Jennifer Aniston has been holding down the healthy, glowy skin look for years now, and she has one woman in Hollywood to thank for that: Mila Moursi. The French-born skincare genius behind the eponymous Los Angeles-based boutique spa, has been keeping many an actress looking young and radiant for decades. (Her other clients include Courteney Cox and Chelsea Handler.) Fortunately for us civilians, her recently-launched skincare line is now available at Barneys. We met with Moursi recently to discuss the products, but truthfully, we had one big question on our mind: How do we get skin like Jennifer Aniston? Here, Moursi lays it out for us:
Find a ritual -- and stick with it: When we asked which product she would consider to be the "hero" product, she quickly shut down the idea. "If I give you the most expensive product in the line, but just by itself, it won't work," says Moursi. "For me, the 'hero' is when you put a beautiful regimen together -- that's when you get synergy. If your skin is stimulated, cleansed, prepared, then your skin is happy and ready for treatment." And Moursi really drives home the concept of a ritual, such as the following: "Cleanse your face, gently scrub, steam it, give it the nourishments it needs, then a mask to calm it down."

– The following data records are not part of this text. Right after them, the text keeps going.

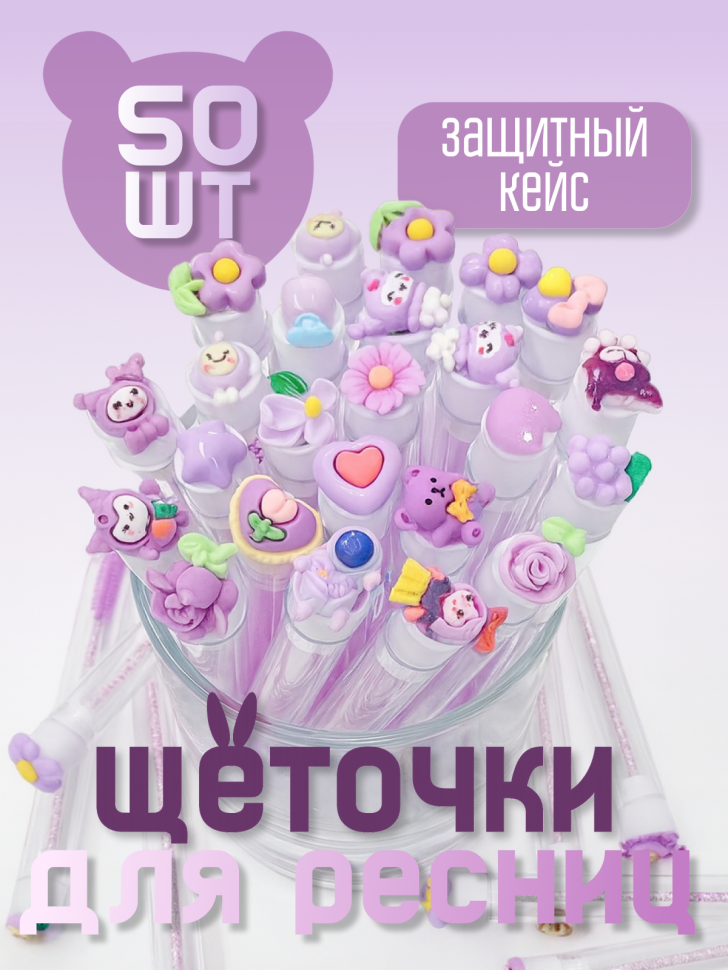 Набор щеточек для ресниц и бровей в колбе 50 шт (фиолетовые) отзывы
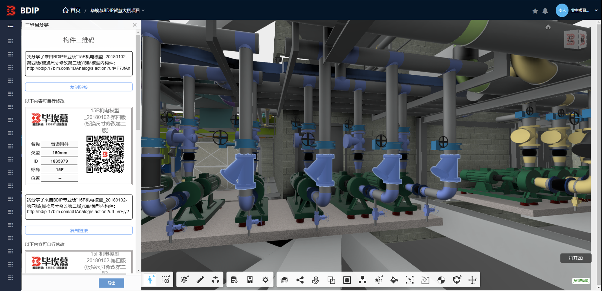 BDIP系统支持模型构件和视点批量生成二维码和分享链接,既可以通过链接发送给项目参与人员进行快速定位分享,也可以通过二维码打印粘贴在现场对应位置,方便现场管理人员扫码快速查看BIM模型。
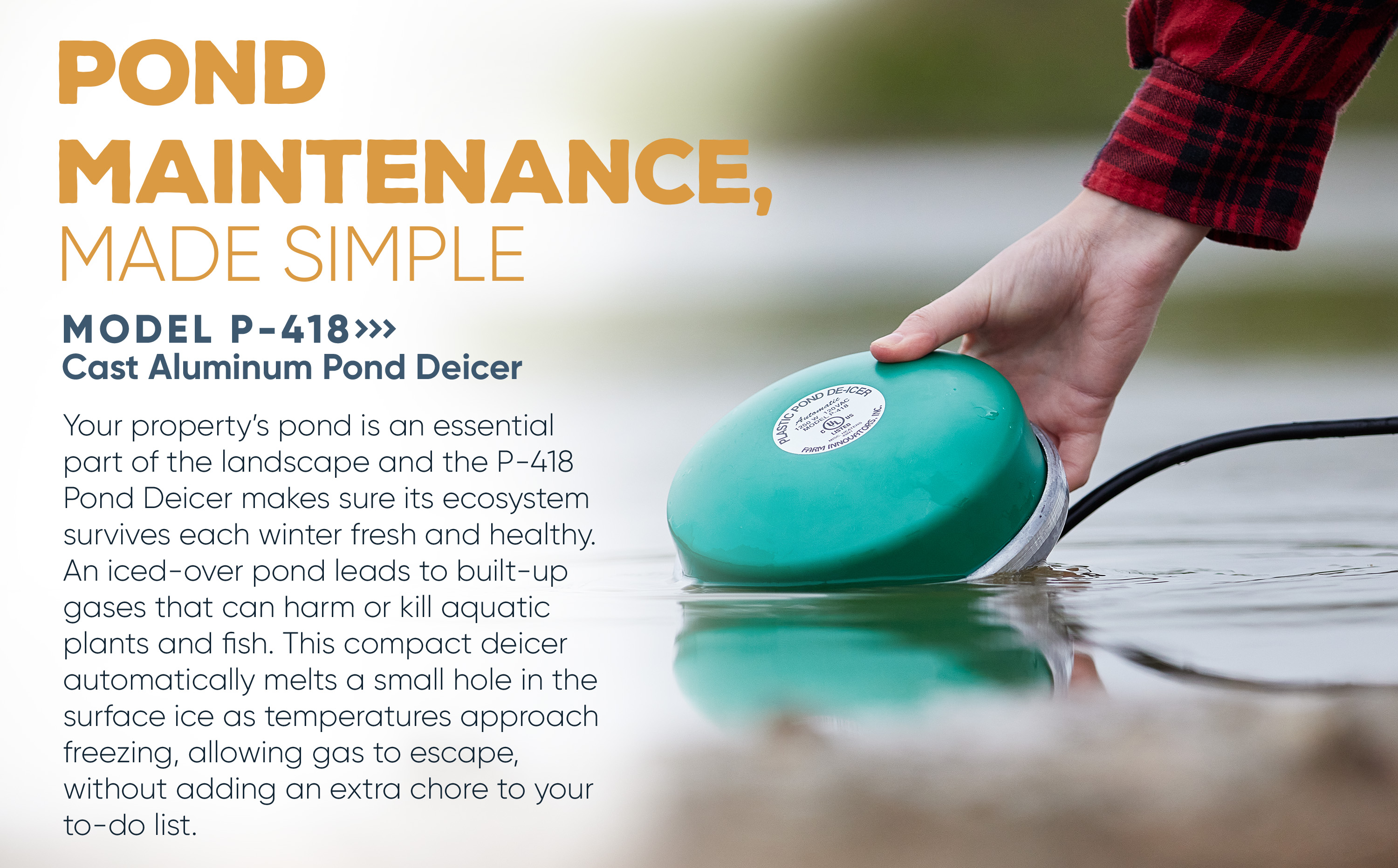 This thermostatically controlled pond de-icer maintains a vent hole in the ice to allow harmful gasses to escape. Constructed of patented cast aluminum for ultimate efficiency and safety. This fish and plant-friendly heater is for use in ponds of 50 to 600 gallons. Industry standard 10 foot supply cord..

Create at-home facial results with a warm wash cloth: To mimic the steaming effect that you get from a spa service, Moursi suggests incorporating this household staple into your routine. A warm cloth will help soften the skin and open pores for cleansing. She also reminds us to "take [our] time to cleanse, and don't rush it."
Don't skip toner: To be honest, we've given some serious thought as to whether this step is necessary or not. But Moursi couldn't stress its importance enough. "To me, if you don't have time for anything: cleanse and tone. The toner has a lot of different factors. It completes your cleansing process, balances your pH and it helps shrink your pores. Why don't people use toner!"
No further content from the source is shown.